Now, in papering the wall, we need to paper the four walls excluding the floor and roof of the hall.
So, the area of the wall which is to be papered = Area of 4 walls
                                                               = 2h(l + b)

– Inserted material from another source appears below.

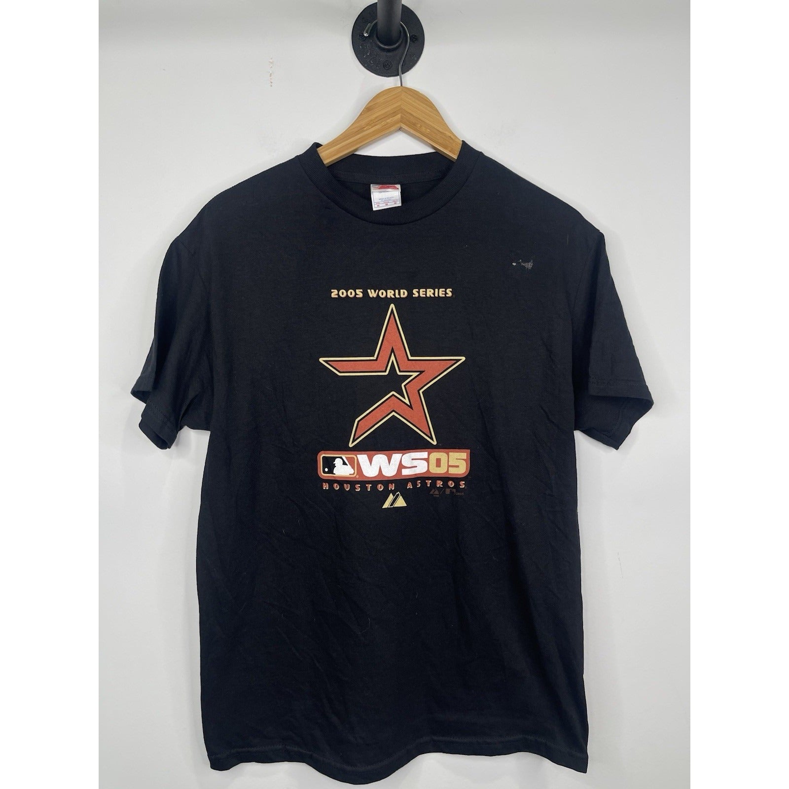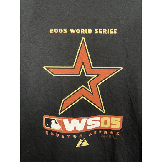 The product is a black medium-sized t-shirt featuring the Houston Astros logo, commemorating their World Series victory in 2005. This officially licensed MLB merchandise is suitable for both men and women, making it a versatile and stylish way for fans to show support for the team. Whether worn to games or casually, this shirt is a must-have for any baseball fan looking to honor the Astros' historic achievement.

                                                               = 2h (36 + 24) = 120h m²
Now, area left for the door and the windows = 80 m²
So, the area which is actually papered = (120h − 80) m²
Again,
The cost of papering the walls at Rs 8.40 per m² = Rs. 9408.
⇒ (120h − 80) m² x Rs. 8.40 per m² = Rs. 9408

⇒ (120h − 80) m² = $\frac{\mathrm{Rs}. 9408}{\mathrm{Rs}. 8.40}$
⇒ (120h − 80) m² =  1120 m²
⇒ 120h m² = (1120 + 80) m²
⇒ 120h m² = 1200 m²

∴ h =$\frac{1200 {\mathrm{m}}^2}{120 \mathrm{m}}=10 \mathrm{m}$
Hence, the height of the wall would be 10 m.